_Records_:
↓
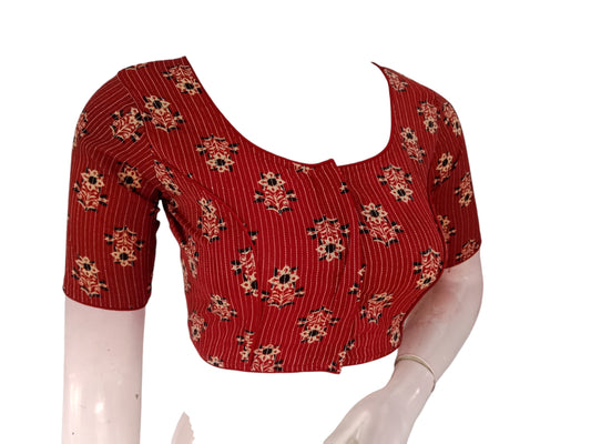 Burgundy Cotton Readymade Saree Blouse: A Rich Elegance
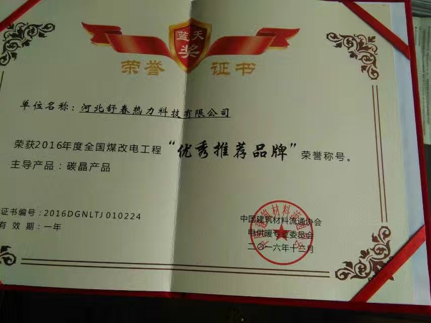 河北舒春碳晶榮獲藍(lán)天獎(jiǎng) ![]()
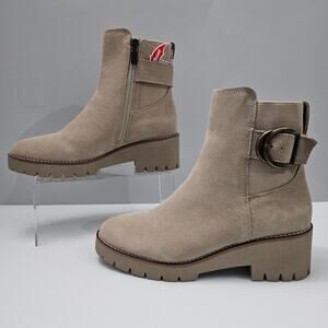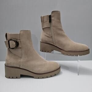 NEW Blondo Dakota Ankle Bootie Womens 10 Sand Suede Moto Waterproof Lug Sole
↑
↓
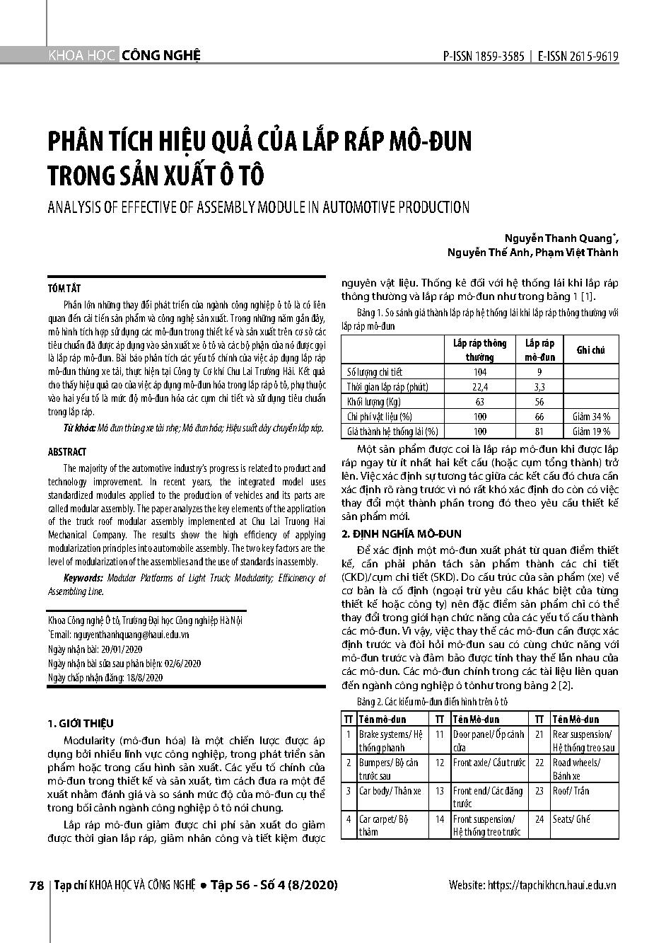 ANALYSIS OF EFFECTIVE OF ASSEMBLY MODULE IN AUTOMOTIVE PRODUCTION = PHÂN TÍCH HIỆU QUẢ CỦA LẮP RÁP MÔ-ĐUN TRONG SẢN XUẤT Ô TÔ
↑
_Problem details_:
Everything from the line above that contains "河北舒春碳晶榮獲藍(lán)天獎(jiǎng) ![]()" down to the line that contains "NEW Blondo Dakota" must be reproduced exactly, both ends included. Omit the pictures.

_Finished exercise_:
 河北舒春碳晶榮獲藍(lán)天獎(jiǎng) ![]()
 NEW Blondo Dakota Ankle Bootie Womens 10 Sand Suede Moto Waterproof Lug Sole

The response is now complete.